Functional Dependency

There are several stages of the normalization process. They are called 1NF, 2NF, 3NF, EKNF, BCNF, 4NF, 5NF, DKNF, 6NF. The higher normal forms is cumulative of the lower normal forms; for example, BCNF is always in 3NF which also satisfies 2NF and 1NF.

A function or mapping ƒ from set A to a set B, denoted ƒ:A→B, is a correspondence in which to each element x of A (domain) corresponds exactly one element y=f(x) of B (range). We use the notation x-->y, saying x determines y or y is determined by x. This states that, In a legal relation state (relational instance) of R, for any value of x there relates to only a single definite value of y, this is known as Single Valued Dependency. Functional Dependencies define constraints on the set of legal relations.

A functional dependency is trivial if it is satisfied by all instances of a relation, this means that A --> B holds, whenever B is a subset of A;
e.g. FullName-->FirstName, where FullName=FirstName+LastName; or simply X-->X.

The Right Hand Side is dependent on the Left Hand Side (determinant) of the FD. Sets of functional dependencies may have redundant dependencies that can be inferred from the others. Intuitively, a canonical cover of F is a minimal set of FD equivalent to F+, having no redundant dependencies or redundant parts of dependencies. Clearly F+ is a superset of F.

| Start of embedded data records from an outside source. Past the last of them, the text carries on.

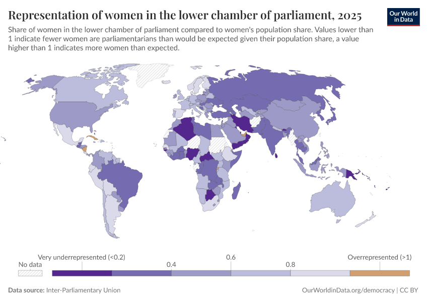 “Data Page: Representation of women in the lower chamber of parliament”. Our World in Data (2026). Data adapted from Inter-Parliamentary Union. Retrieved from https://data-faostat-update-datasets.owid.pages.dev:8789/20260130-180113/grapher/representation-of-women-in-lower-chamber-of-parliament.html [online resource] (archived on January 30, 2026).How to cite this data
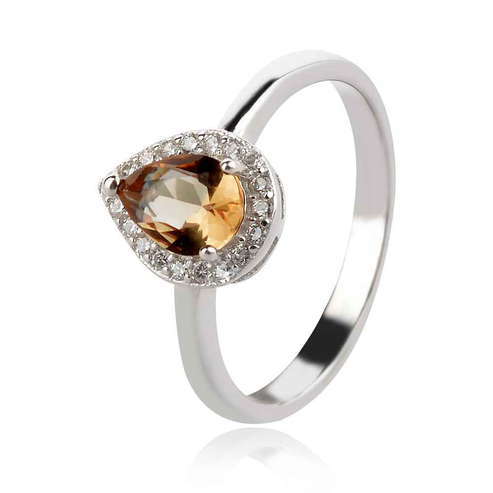 Сребърен пръстен с фасетиран лабораторен султанит под формата на капка, инкрустиран в сребърна каса в рамка от бели циркони.
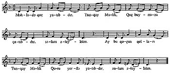 «Bizim Ilisu dağlar qoynunda yerləşən gözəl bir kənddir. Hava həmişə dumanlı, çəmrəli (çənli) olur, tez-tez yağış yağır. Bizim dağlara qoyun gedir. Şimşək çaxanda vəziyyət çox çətin olur. Onda bizim arvadlar ağacdan qayrılmış çömçə götürüb, başına yaylıx bağlayır, aşağısına don geydirirlər. Yeddi nəfər qız çömçə xatunu götürüb bu mahnını oxuya-oxuya qapı-qapı gəzirlər.
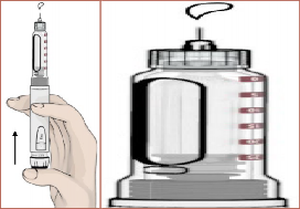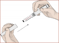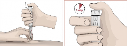 Başparmak ve işaret parmak arasında enjeksiyon yerinin cilt ve yağ dokusunun bir kısmını sıkıştırın. Diğer elinizle, baş parmağınızı enjeksiyon düğmesinin üzerine koyun ve iğneyi sıkışmış deriye batırın. Enjeksiyon düğmesini yavaş yavaş ve güçlü bir şekilde, duruncaya kadar aşağıya bastırın. Durduktan sonra düğmeyi 5 saniye süreyle basılı tutun ve ardından iğneyi deriden dışarıya çekin.
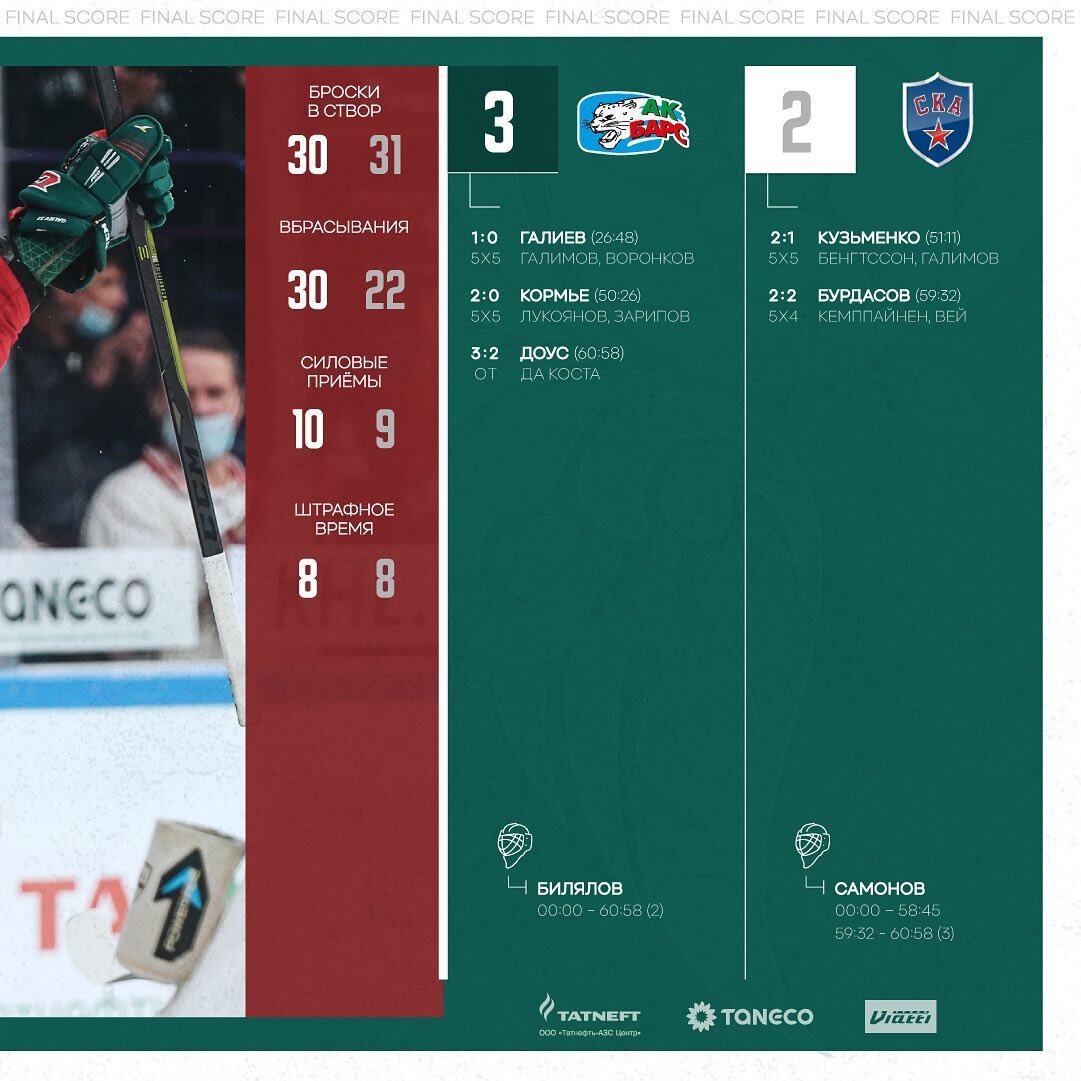 6 сентября «Ак Барс» победил СКА в домашнем матче регулярного чемпионата КХЛ со счётом 3:2 в овертайме. В первом периоде команды не смогли отличиться. Форвард СКА Кирилл Марченко убежал один на один с Тимуром Биляловым, но вратарь казанцев поймал шайбу в ловушку. Хозяева открыли счёт в начале второго периода. Артём Галимов вошёл в чужую зону после передачи Дмитрия Воронкова и сделал пас на Станислава Галиева, который в касание отправил шайбу в сетку. Появление по ходу второго периода 19-летнего нападающего Ильи Сафонова оживило атаку казанцев. В одной из атак Сафонов вывел на бросок капитана «Ак Барса» Даниса Зарипова, но вратарь гостей Александр Самонов отразил шайбу. Именно Сафонов и начал вторую голевую атаку казанцев. Он сделал передачу на Зарипова, который пересёк красную линию и вбросил шайбу в чужую зону. Первым к ней успел Артём Лукоянов и сделал передачу на Патриса Кормье, который с ходу бросил в верхний угол. У гостей ушло 45 секунд, чтобы отыграть одну шайбу. Быструю ата
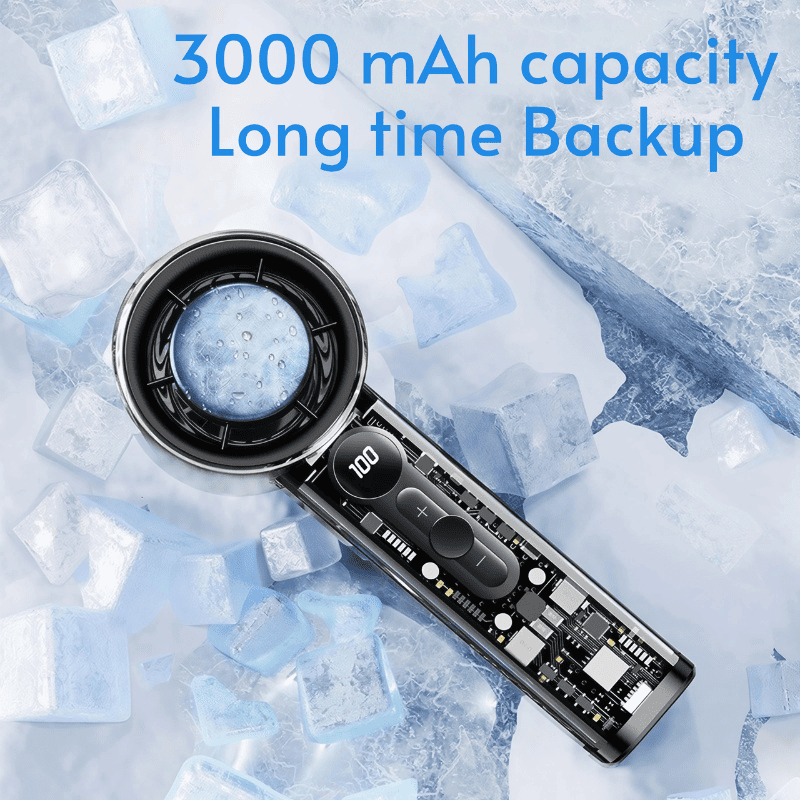 3000mAh ব্যাটারি ও 5V/2A ইনপুটের মাধ্যমে দীর্ঘ সময় কুলিং দেয়। কম শব্দে শক্তিশালী বাতাস প্রদান করে, যা যেকোনো জায়গায় আরামদায়ক ব্যবহার নিশ্চিত করে।
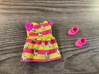 Kelly Doll Outfit This Kelly Clothes Set features A sleeveless pink and yellow striped dress with llama print on both sides A pair of shoes are included Set is in Nice Condition ***Please don’t hesitate to make an offer! *** ***Buy It Now :$ 4.50*** OR Best Offer ***Shipping: $ 4.75*** ***Happy to combine shipping for you*** *** Please let me know if you have any question, Happy to help in any way I Can*** ****Please , if you have the time check out my newly opened eBay store. I will be listing many Barbies, clothing, & accessories. As rims goes on I hope to add more fun collectible and vintage items. Like my store to see my newly listed items. Thanks so much!
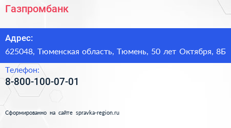 Газпромбанк по адресу 625048, Тюменская область, Тюмень, 50 лет Октября, 8Б в дальнейшем Организация, размещена в следующих категориях:
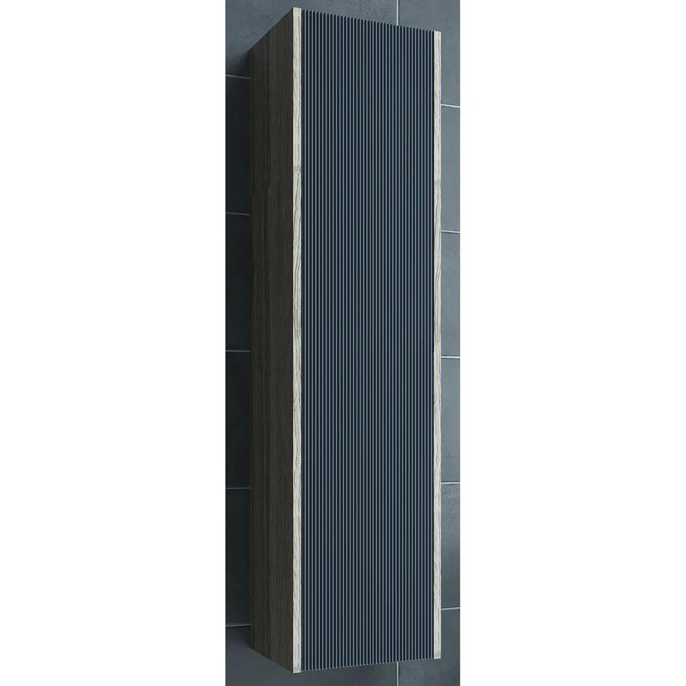 Подвесной пенал, выполнен в современном стиле. Материал корпуса выполнен из ЛДСП в цвете дуб шерман, материал фасада ЛМДФ с вертикальной фрезой, покрытие фасада эмаль в цвете графит. Шкаф одностворчатый, внутри стеклянные полки (3шт). Открытие с помощью системы Push to Open. Пенал с рифлёным фасадом будет отлично и стильно смотреться как в ванной, туалете так и в прихожей. Поставляется в собранном виде. Гарантия 2 года, подробная инструкция.

all about Keys and non-keys

Super Key is the set of attributes which when taken collectively can uniquely identify a tuple in a relation. This means the super-key has the uniqueness property.
A super-key also having the irreducible property is a candidate key, which implies that any proper-subset of the candidate key no longer remains the candidate key (minimal superkey).
One of the candidate key is chosen by the DBA as the principal key called the Primary key, the rest if any are the alternate keys or secondary keys. Primary key enforces the Entity Integrity rule which states that no component of the primary key is allowed to accept NULL values.
Referential Integrity rule states that the database must not contain any unmatched foreign key. A Foreign key in a base relation R2, is a subset of the set of attributes of R2, say FK, such that:
There exists a base relation R1 not necessarily distinct with a candidate key CK and for every value of FK in the current value of R2 is identical to the value of CK in some tuple in the current value of R1.
Foreign keys may be referenced to any candidate keys either the primary key or unique keys.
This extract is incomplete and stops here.